Я замер. Существовало единственное слово, способное меня остановить, и оно прозвучало. Корнет. Что же случилось, если он решил вспомнить о своем должнике? Хотя это скорее не долг, а нечто гораздо большее. Если бы незнакомец сейчас пожелал забрать все мое имущество, я бы еще и тайник в углу ему показал, и донести добытое помог. В словах его я не сомневался. Посторонний ни за что не узнал бы этой простой, по сути, фразы. Враг — тем более.

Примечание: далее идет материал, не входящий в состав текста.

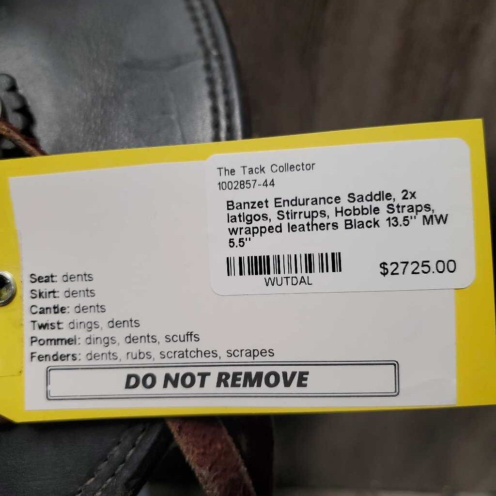 13.5" MW 5.5" Banzet Endurance Saddle, 2x latigos, Stirrups, Hobble Straps, wrapped leathers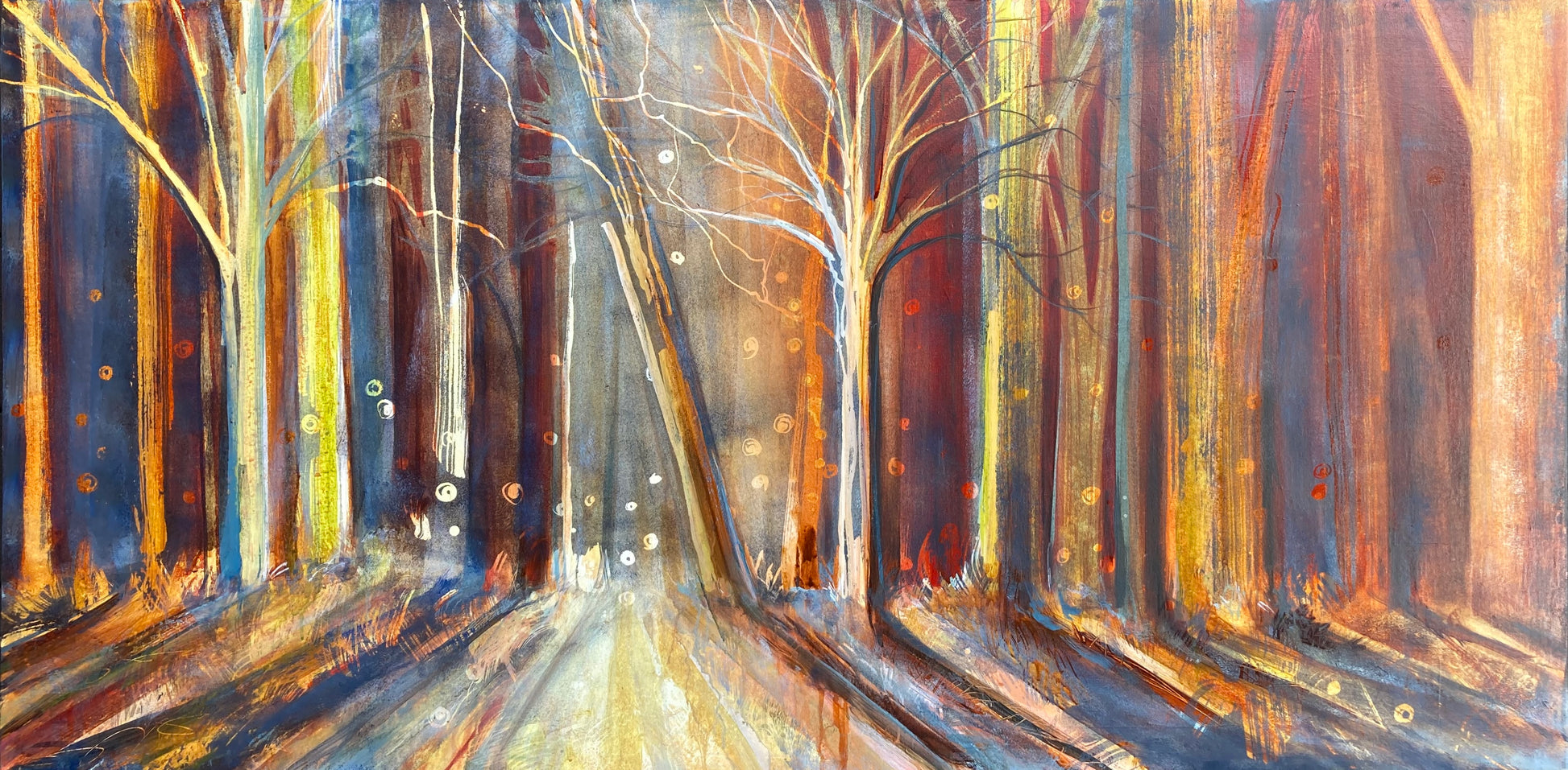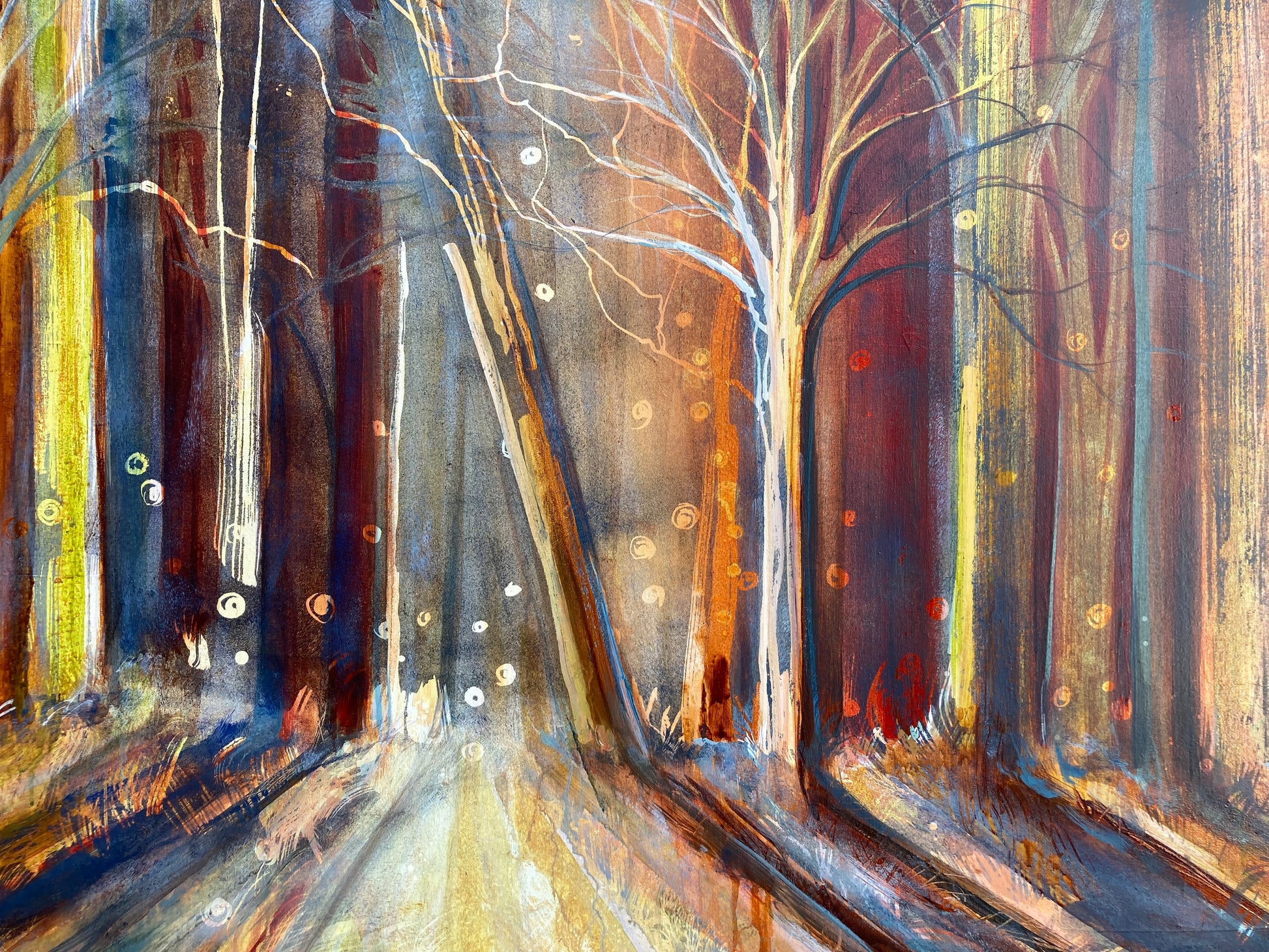 The Golden Age is an enchanting walk through the forest. I was inspired to add the fireflies to this original forest painting after they captured my imagination night after night this year. The evening dog walk became a magical experience as the fields outside lit up with what seemed be an endless blanket of blinking lights. This original 48 x 24 acrylic on stretched gallery canvas brings uplifting light into your home or office. The work is finished with a satin varnish. Shipping is included within Canada.

Отойдя от открытой двери, я опустился на стул и выжидающе посмотрел на гостя. Он удовлетворенно кивнул и шагнул внутрь, пригнувшись в дверном проеме. Следом за нежданным визитером в помещении появилось еще два во всех отношениях примечательных персонажа. Девочка, лет двенадцати, с короткими растрепанными волосами и робкой улыбкой бледных губ. Одета неброско: в заношенный, перешитый под нужный размер, камуфляж и разбитые кроссовки. Гостья коротко кивнула и опустилась на мое разворошенное ложе, в виду отсутствия в комнате другой мебели, за исключением стола.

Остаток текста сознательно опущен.